This is the property of the Daily Journal Corporation and fully protected by copyright. It is made available only to Daily Journal subscribers for personal or collaborative purposes and may not be distributed, reproduced, modified, stored or transferred without written permission. Please click "Reprint" to order presentation-ready copies to distribute to clients or use in commercial marketing materials or for permission to post on a website. and copyright (showing year of publication) at the bottom.

Criminal

Aug. 16, 2019

Courts should uphold the new felony murder law

For years, courts have criticized California’s felony murder rule; now that the Legislature has responded, with the attorney general in strong support, will the courts do the right thing?

Kate Chatfield

Senior Advisor, The Justice Collaborative

Kate is an adjunct professor at the University of San Francisco School of Law.

In 2005, Anissa, under the influence of drugs and alcohol, slept in a car while her boyfriend and other friends went to commit a robbery a block away. During the robbery, someone pulled out a gun and fired it, killing the victim.

Velia was asked by her girlfriend's brother to alert him when a neighbor who allegedly owed him money walked by her house. That information led to a confrontation where the brother beat and robbed the neighbor. When Velia heard her neighbor had been hurt, she came to his aid and had her father drive the neighbor to the hospital, where he later died from his injuries.

In a dispute among adolescents, Vahagn and his cousin arranged to meet Mike who had insulted their female relative. Mike brought six friends along with him. While Vahagn stood yards away, talking with the other men, his cousin fought with Mike. A gun was pulled out by one of the two combatants and Mike was shot and killed. Not involved at all in the physical confrontation, Vahagn was as shocked and scared at the sound of gunfire and the shooting as were all of the other young witnesses.

Despite not killing anyone, intending to kill anyone, or, in Anissa's and Velia's cases, being present at the scene, all three were convicted of murder and sent to prison. Anissa and Velia were each convicted under the felony murder rule and sentenced to 25 years to life. That law permitted this draconian outcome whenever an individual agrees to commit a serious crime and a death occurs, even if the individual had no role in the murder, did not intend to kill and did not act with disregard for human life.

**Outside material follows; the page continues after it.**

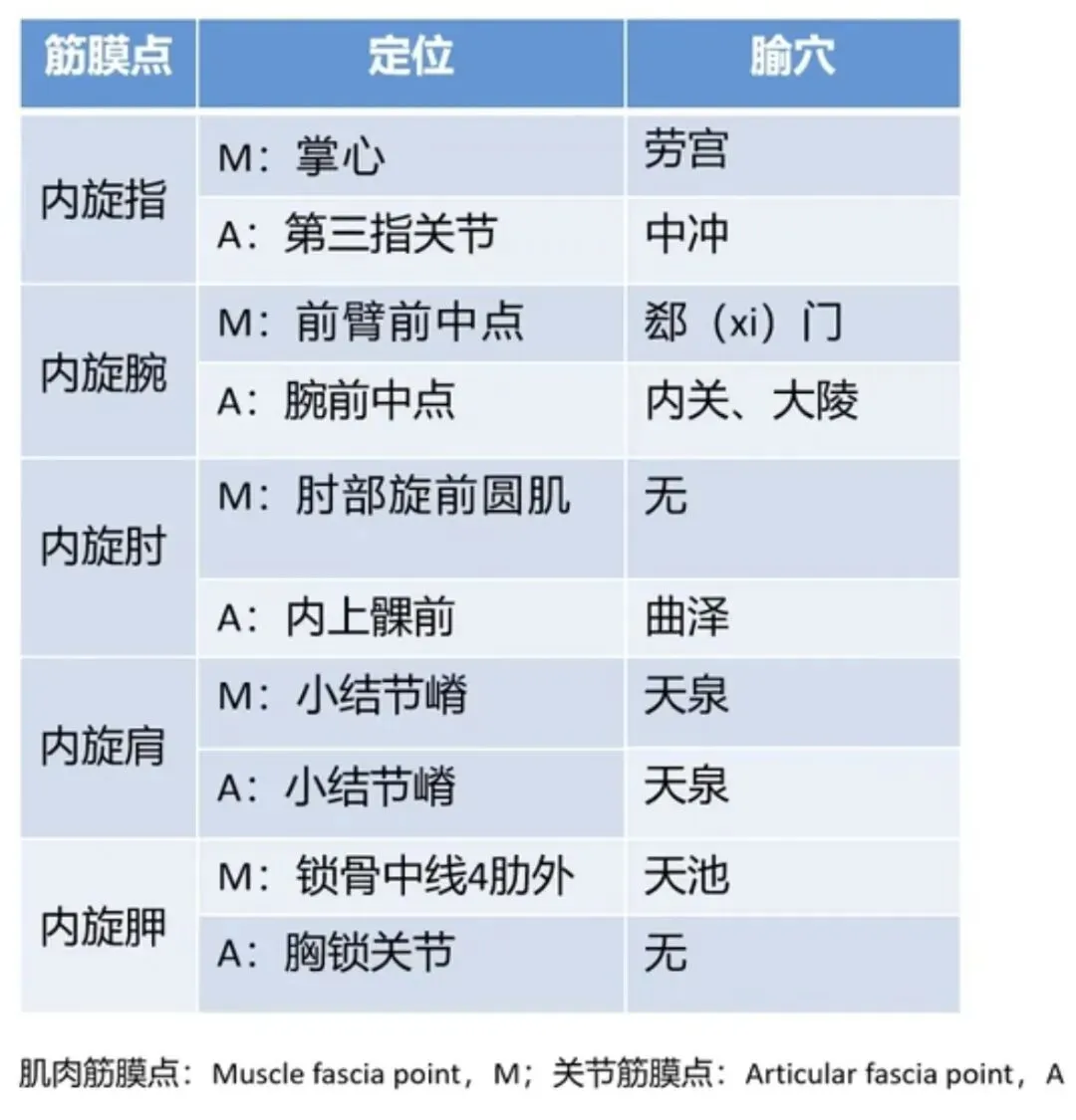 因此,这条内旋筋膜线上的关键筋膜点(交错点)包括:掌心(劳宫)、前臂中点(郄门)、内上髁旋前圆肌起点、小结节及小结节嵴、胸小肌附着处(云门、中府附近)。这些点既是力学枢纽,也是中医穴位所在。
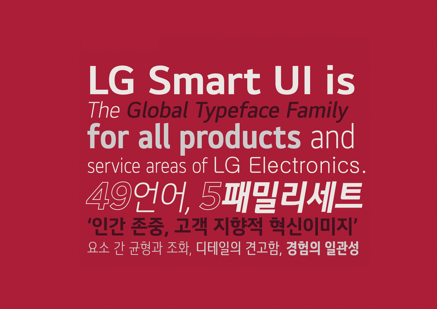 The LG Smart UI typeface is applied to user interfaces and the physical surfaces of electronic products, providing a consistent visual identity by integrating the fonts used in all customer product and service contacts in the course of the company’s marketing activities. The corporate typeface expresses LG Electronics’ philosophy of “Respect for human dignity” and “Customer-oriented innovation” in its smooth curves and open forms. This is a flexible font family optimised for the characteristics of both display and print, as well as being implemented in products. It supports 49 languages and ensures a unified brand experience.

Vahagn was convicted under a doctrine known as the "natural and probable consequences doctrine" in which all participants in a crime -- even misdemeanors -- are held liable if a co-participant kills someone. Under this doctrine, a jury is told that they can convict a defendant for murder merely because the defendant should have been able to predict that another person could commit a murder.

Unfortunately, these stories are not unique. Prosecutors have long-used these doctrines to sweep up people and sentence them to life in prison, and now hundreds languish behind bars for murders they did not commit.

Courts have frequently criticized the felony murder rule as unjust, out of date, and illogical. The California Supreme Court said that it "anachronistically resurrects from a bygone age a 'barbaric concept' that "erodes the relation between criminal liability and moral culpability." The Michigan Supreme Court looked to these California cases when it abolished their felony murder rule 38 years ago, calling it "a historic survivor for which there is no logical or practical basis for existence in modern law." In September 2017, the Supreme Judicial Court in Massachusetts limited the application of its felony murder rule for accomplices, relying in part on these California opinions. Indeed, the California Supreme Court may have abolished the rule as well, but in People v. Dillon in 1983 Justice Stanley Mosk stated that the court could not sit as a "superlegislature"; only the Legislature could amend the statute.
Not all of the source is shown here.